On the other hand, further object detection methods, such as the leading lidar-only method CenterPoint [
14], outperform even our best network in the ablation studies by a great margin. The two stage network uses center points to match detection candidates and performs an additional bounding box refinement to achieve an AP score of 87% on the test split.
When analyzing the errors in our predictions, we see that the regressed parameters of the predicted bounding boxes are not as precise as the ones of state-of-the-art networks. The validation loss curves for our network are shown in
Figure 5. The classification loss overfits before the regression loss converges. Further studies need to be performed in order to further balance the losses. One approach could be to first only train the regression and direction loss. The classification loss is then trained in a second stage. Additionally, further experiments will be performed to fine tune the anchor matching thresholds to the data set to get a better detection result. The tuning of this outer optimization loop requires access to extensive GPU power to find optimal hyperparameters. For future work, we expect the hyperparameters to influence the absolute detection accuracy greatly as simple strategies such as data augmentation could already improve the overall performance. The focus of this work lies in the evaluation of different data fusion inputs relative to a potent baseline network. For this evaluation, we showed a vast amount of evidence to motivate our fusion scheme and network parameterization.
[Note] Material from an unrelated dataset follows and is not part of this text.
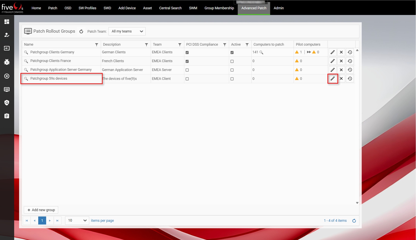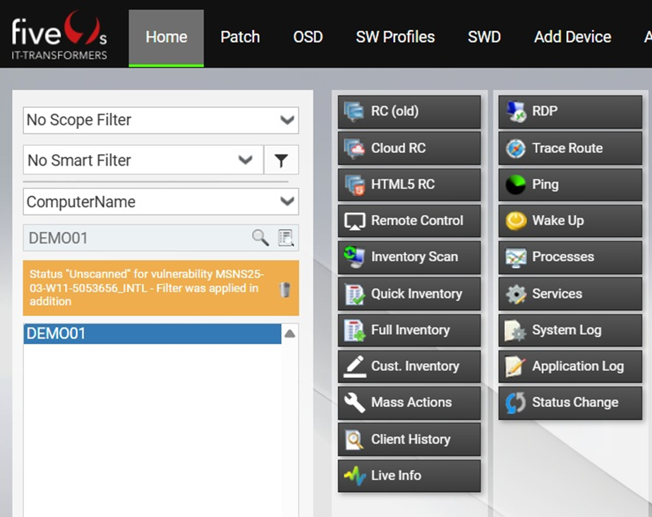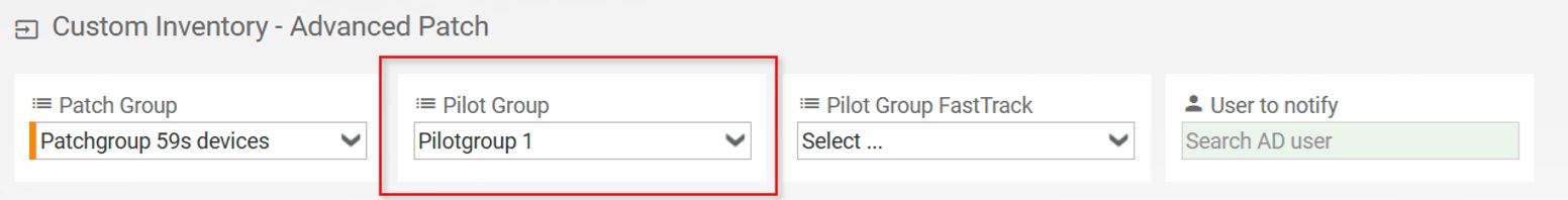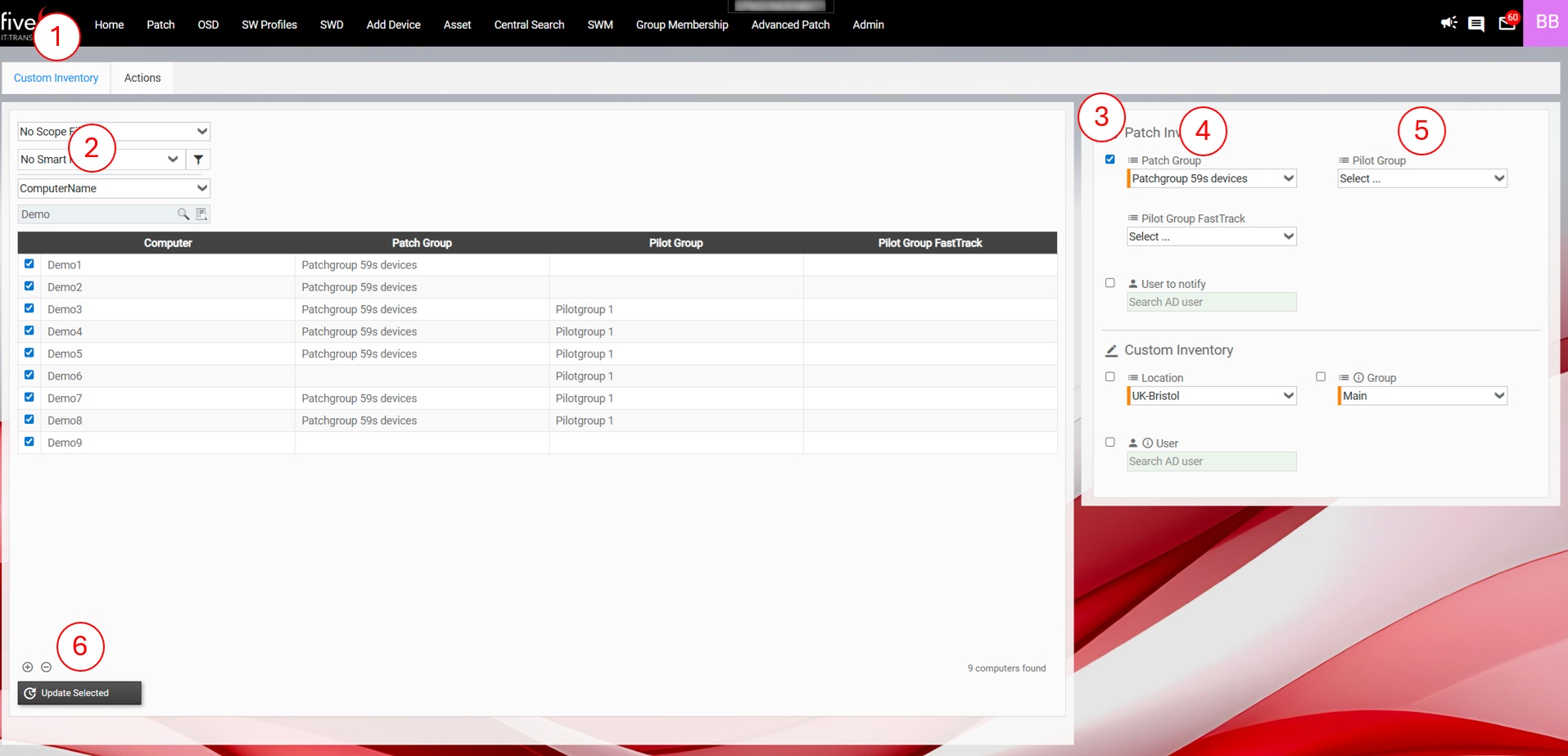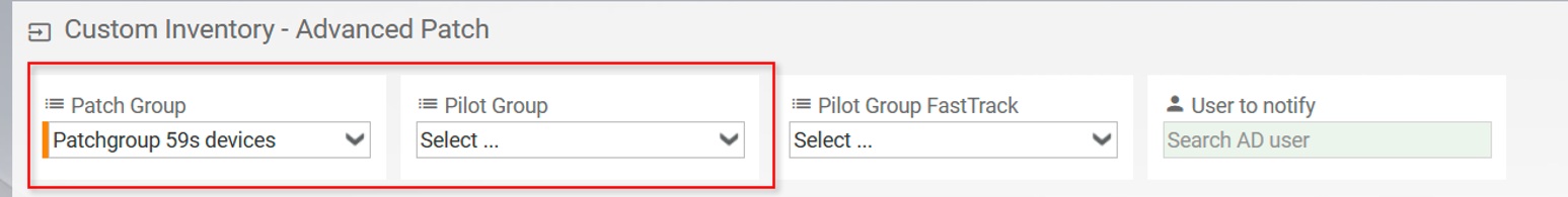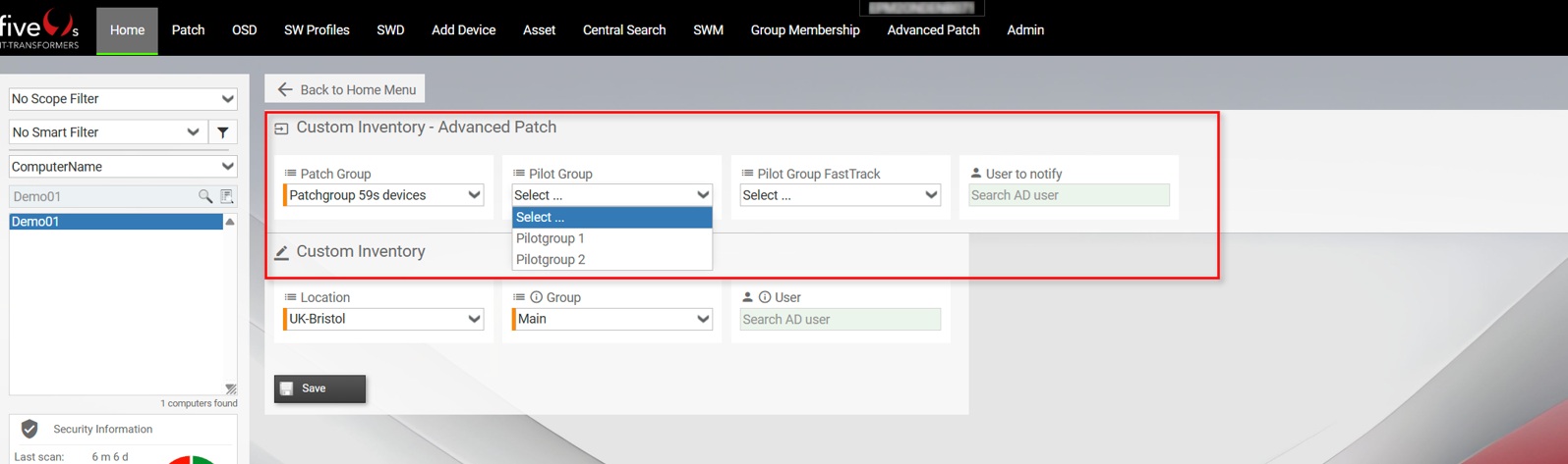 Devices can be assigned to a Patch Rollout Group using the Custom Inventory of the five(9)s Console. When you activate Advanced Patch with a license, patch-related CI objects are automatically added to the Custom Inventory. Go to the Home screen, select a device, and click on Custom Inventory. Then pick a Patch Group, and optionally a Pilot Group and a User to notify.

The simulated depth camera did not provide a better detection result than the lidar-only detection. This and the late fusion approach show that a simple fusion assumption in the manner of “more sensor data, better detection result” does not hold true. The complexity introduced by the additional data decreased the overall detection result. The decision for an early fusion system is therefore dependent on the sensors and the data quality available in the sensors. For all investigated sub data sets, we found that early fusion of radar and lidar data is beneficial for the overall detection result. Interestingly, the usage of 10 lidar sweeps increased the detection performance of the fusion network over the proposed baseline. This result occurred despite the fact that the accumulated lidar data leads to blurry contours for moving objects in the input data. This is especially disadvantageous for objects moving at a high absolute speed. For practical applications, we therefore use only three sweeps in our network, as the positions of moving objects are of special interest for autonomous driving. The established metrics for object detection do not account for the importance of surrounding objects. We assume that the network trained with 10 sweeps performs worse in practice, despite its higher AP score. Further research needs to be performed to establish a detection metric tailored for autonomous driving applications.
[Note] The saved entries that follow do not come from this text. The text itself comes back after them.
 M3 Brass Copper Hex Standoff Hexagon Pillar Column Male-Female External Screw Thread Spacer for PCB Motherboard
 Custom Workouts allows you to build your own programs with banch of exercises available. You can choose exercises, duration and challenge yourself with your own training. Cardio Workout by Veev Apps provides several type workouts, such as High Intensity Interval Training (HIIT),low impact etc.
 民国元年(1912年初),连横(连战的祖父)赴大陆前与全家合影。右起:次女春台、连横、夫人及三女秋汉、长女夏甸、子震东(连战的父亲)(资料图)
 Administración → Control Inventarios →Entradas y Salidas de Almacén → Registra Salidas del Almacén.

The sensors used in the data set do not record the data synchronously. This creates an additional ambiguity in the input data between the position information inferred from the lidar and from the radar data. The network training should compensate for this effect partially; however, we expect the precision of the fusion to increase when synchronized sensors are available.
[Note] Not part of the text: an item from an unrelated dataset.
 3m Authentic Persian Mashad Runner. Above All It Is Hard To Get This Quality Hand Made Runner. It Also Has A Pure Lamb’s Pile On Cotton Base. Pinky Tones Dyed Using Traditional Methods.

This paper focuses on an approach for object detection. Tracking/prediction is applied as a late fusion scheme or as a subsequent processing step to the early fusion. In contrast, LiRaNet [
44] performs a combined detection and prediction of objects from the sensor data. We argue that condensed scene information, such as object and lane positions, traffic rules, etc., are more suitable for the prediction task in practice. A decoupled detection, tracking, and prediction pipeline increases the interpretability of all modules to facilitate validation for real-world application in autonomous driving.